Only Three Days Left To Cash In On Aubay Société Anonyme's (EPA:AUB) Dividend
Some investors rely on dividends for growing their wealth, and if you're one of those dividend sleuths, you might be intrigued to know that Aubay Société Anonyme (EPA:AUB) is about to go ex-dividend in just 3 days. The ex-dividend date generally occurs two days before the record date, which is the day on which shareholders need to be on the company's books in order to receive a dividend. The ex-dividend date is of consequence because whenever a stock is bought or sold, the trade can take two business days or more to settle. Thus, you can purchase Aubay Société Anonyme's shares before the 5th of November in order to receive the dividend, which the company will pay on the 7th of November.
The company's next dividend payment will be €0.60 per share, on the back of last year when the company paid a total of €1.30 to shareholders. Last year's total dividend payments show that Aubay Société Anonyme has a trailing yield of 2.6% on the current share price of €50.00. If you buy this business for its dividend, you should have an idea of whether Aubay Société Anonyme's dividend is reliable and sustainable. We need to see whether the dividend is covered by earnings and if it's growing.

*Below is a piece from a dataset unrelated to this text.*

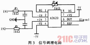調理后的信號經過AD620的6腳輸出,此時可直接接入A/D轉換芯片,實現數據采集,使用時縮小相應倍數即可。信號調理原理如圖3所示。
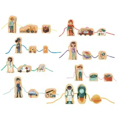 Un set educativo che permette ai bambini di scoprire e conoscere una varietà di mestieri provenienti da tutto il mondo attraverso il gioco di infilatura. Il set comprende 24 figure in legno che rappresentano personaggi riconoscibili grazie alle loro divise o uniformi tipiche.

If a company pays out more in dividends than it earned, then the dividend might become unsustainable - hardly an ideal situation. Aubay Société Anonyme paid out 51% of its earnings to investors last year, a normal payout level for most businesses. A useful secondary check can be to evaluate whether Aubay Société Anonyme generated enough free cash flow to afford its dividend. It distributed 40% of its free cash flow as dividends, a comfortable payout level for most companies.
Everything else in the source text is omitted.